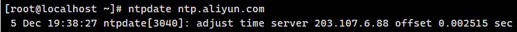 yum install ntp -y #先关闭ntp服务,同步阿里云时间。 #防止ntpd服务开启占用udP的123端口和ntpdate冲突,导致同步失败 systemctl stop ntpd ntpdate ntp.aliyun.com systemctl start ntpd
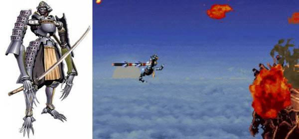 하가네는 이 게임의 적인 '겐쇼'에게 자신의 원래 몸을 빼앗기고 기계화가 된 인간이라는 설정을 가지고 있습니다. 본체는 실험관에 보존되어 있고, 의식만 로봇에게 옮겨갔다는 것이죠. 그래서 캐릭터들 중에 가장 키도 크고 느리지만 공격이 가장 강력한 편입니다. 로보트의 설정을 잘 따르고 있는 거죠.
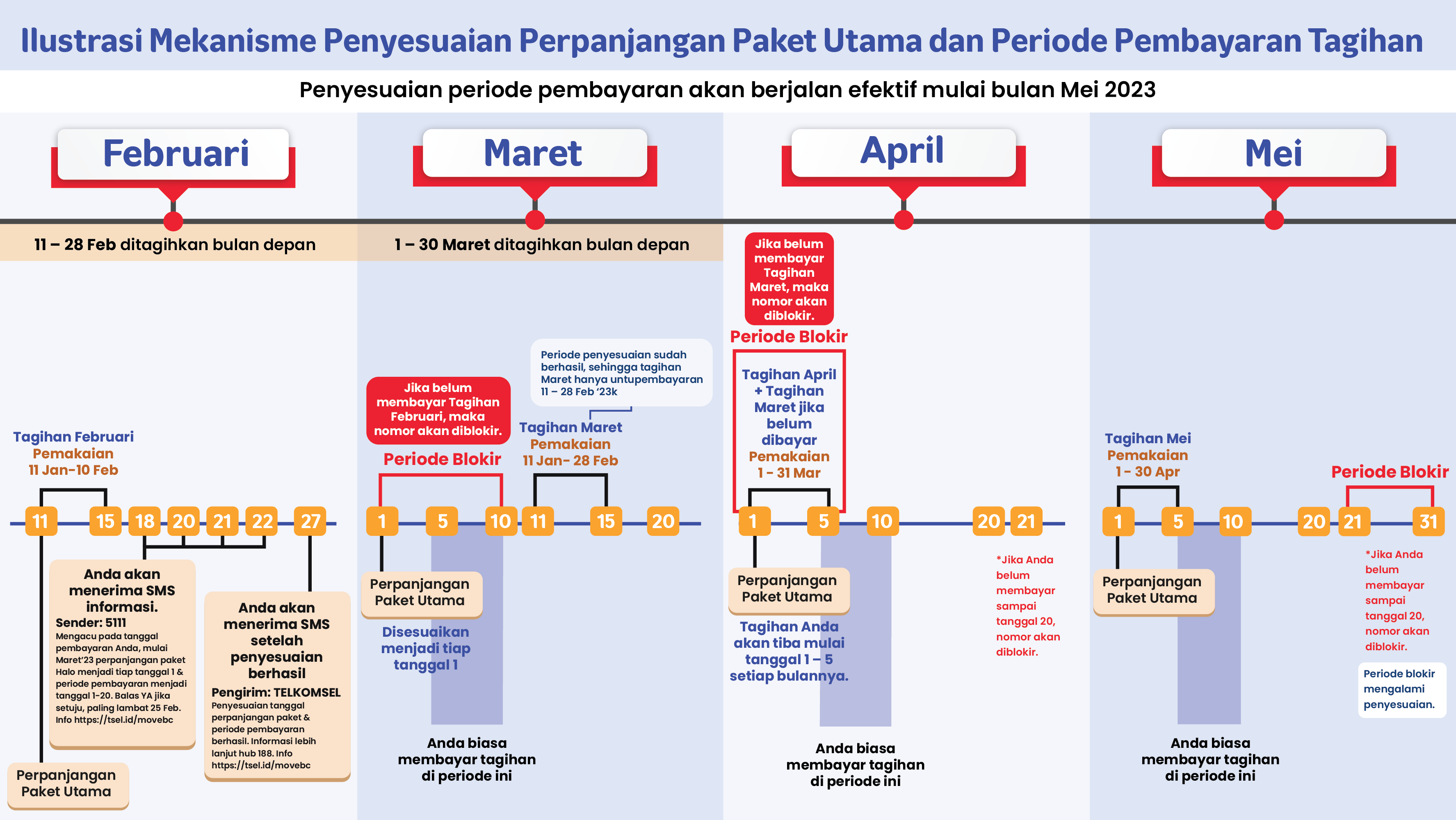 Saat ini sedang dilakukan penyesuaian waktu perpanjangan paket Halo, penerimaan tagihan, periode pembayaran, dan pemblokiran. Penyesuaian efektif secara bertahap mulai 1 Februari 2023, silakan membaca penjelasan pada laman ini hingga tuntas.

◇ ◇ ◇

(What you will do): Return the material word for word. Pictures are not part of the copy.

(Answer to this task):
 yum install ntp -y #先关闭ntp服务,同步阿里云时间。 #防止ntpd服务开启占用udP的123端口和ntpdate冲突,导致同步失败 systemctl stop ntpd ntpdate ntp.aliyun.com systemctl start ntpd
 하가네는 이 게임의 적인 '겐쇼'에게 자신의 원래 몸을 빼앗기고 기계화가 된 인간이라는 설정을 가지고 있습니다. 본체는 실험관에 보존되어 있고, 의식만 로봇에게 옮겨갔다는 것이죠. 그래서 캐릭터들 중에 가장 키도 크고 느리지만 공격이 가장 강력한 편입니다. 로보트의 설정을 잘 따르고 있는 거죠.
 Saat ini sedang dilakukan penyesuaian waktu perpanjangan paket Halo, penerimaan tagihan, periode pembayaran, dan pemblokiran. Penyesuaian efektif secara bertahap mulai 1 Februari 2023, silakan membaca penjelasan pada laman ini hingga tuntas.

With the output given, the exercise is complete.